_Your assignment_
Leave out the pictures, and print exactly the lines from the one holding "- Klimatyzacja oraz" through the last line of the material.

───── Dataset excerpt

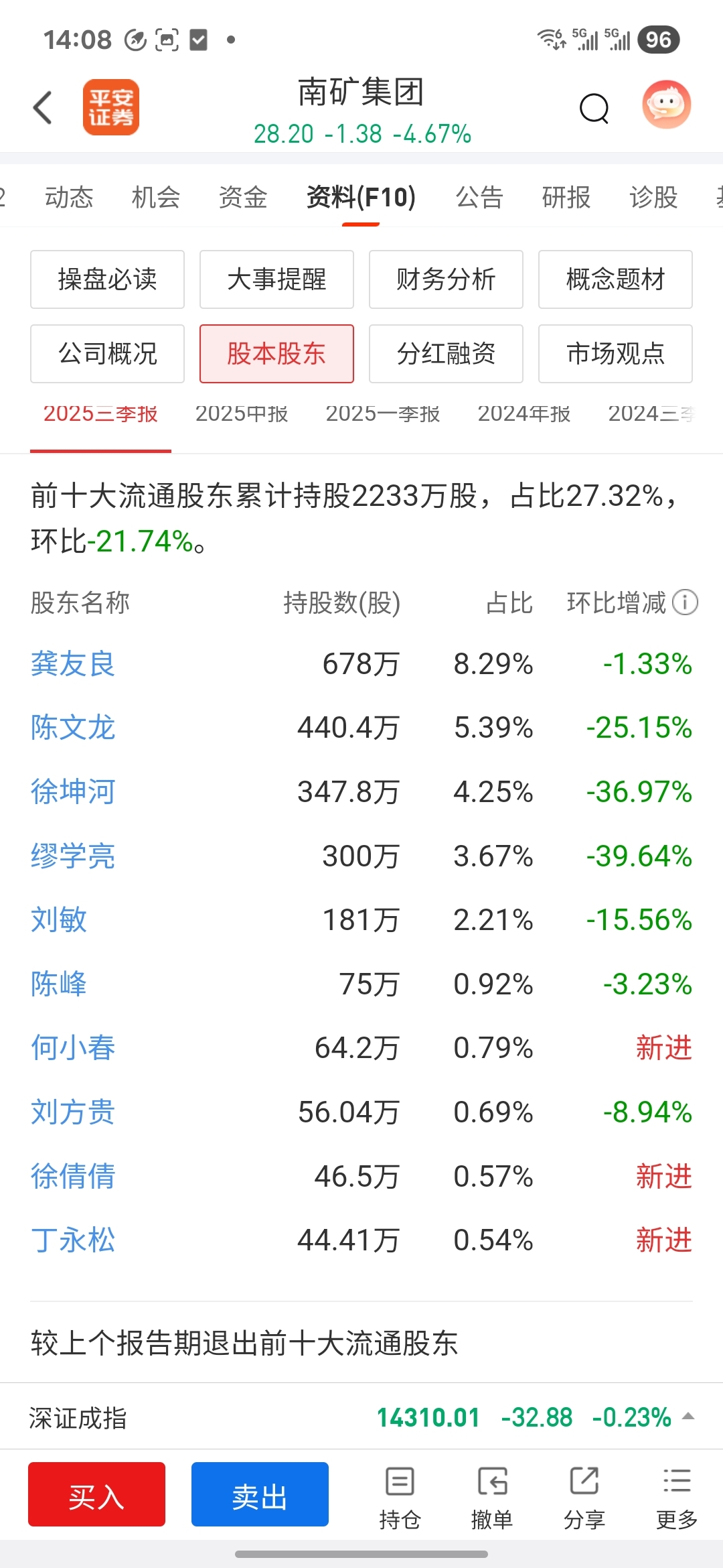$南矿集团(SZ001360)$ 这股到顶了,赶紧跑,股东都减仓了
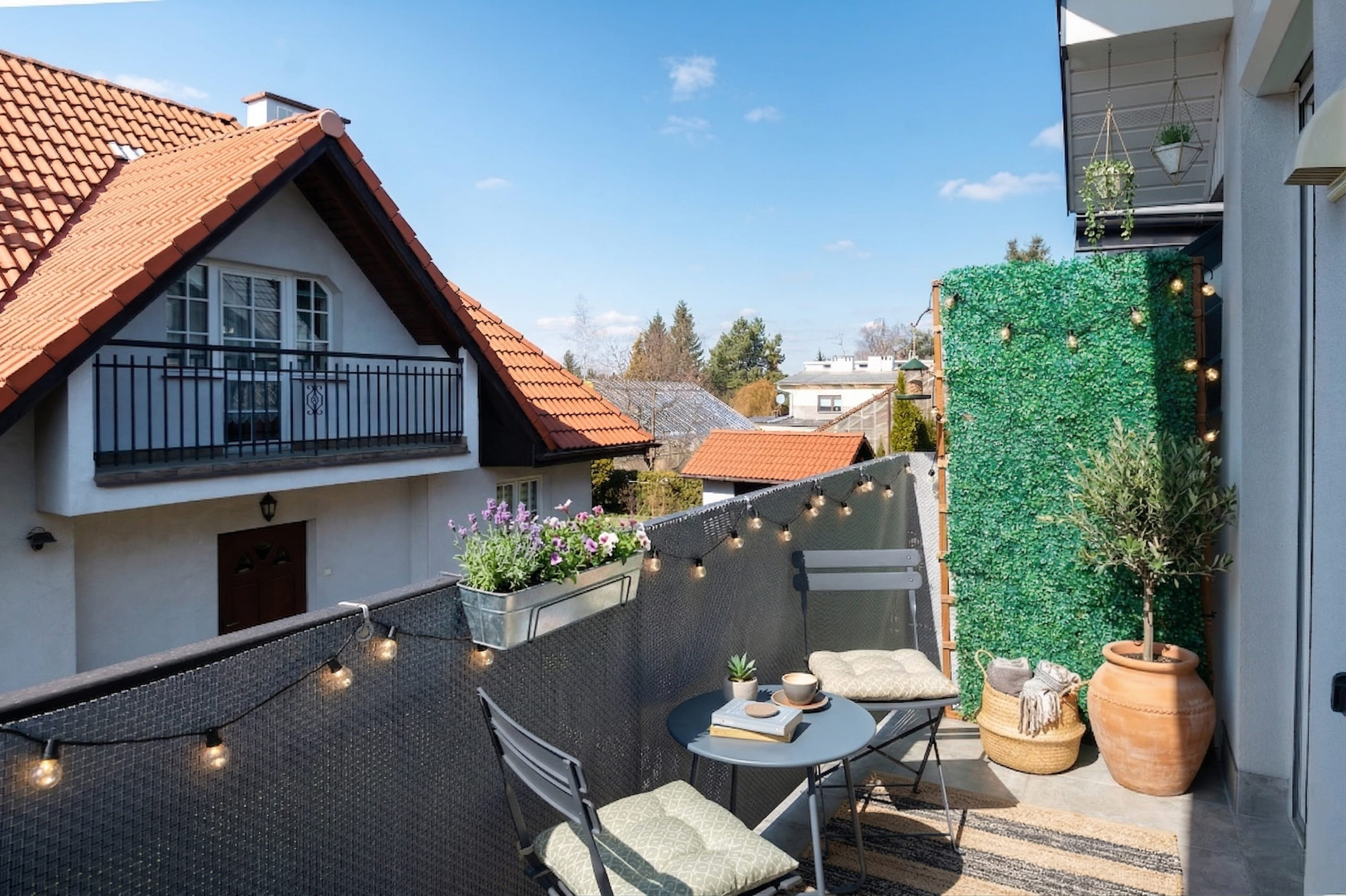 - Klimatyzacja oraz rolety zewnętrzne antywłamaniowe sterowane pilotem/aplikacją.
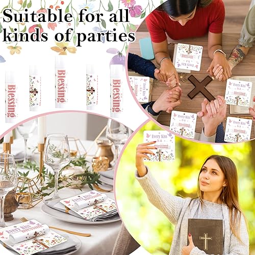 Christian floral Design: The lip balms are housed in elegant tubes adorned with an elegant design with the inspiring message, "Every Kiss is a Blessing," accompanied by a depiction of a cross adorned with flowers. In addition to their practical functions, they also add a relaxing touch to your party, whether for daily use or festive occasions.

──────────

_Response below_
 - Klimatyzacja oraz rolety zewnętrzne antywłamaniowe sterowane pilotem/aplikacją.
 Christian floral Design: The lip balms are housed in elegant tubes adorned with an elegant design with the inspiring message, "Every Kiss is a Blessing," accompanied by a depiction of a cross adorned with flowers. In addition to their practical functions, they also add a relaxing touch to your party, whether for daily use or festive occasions.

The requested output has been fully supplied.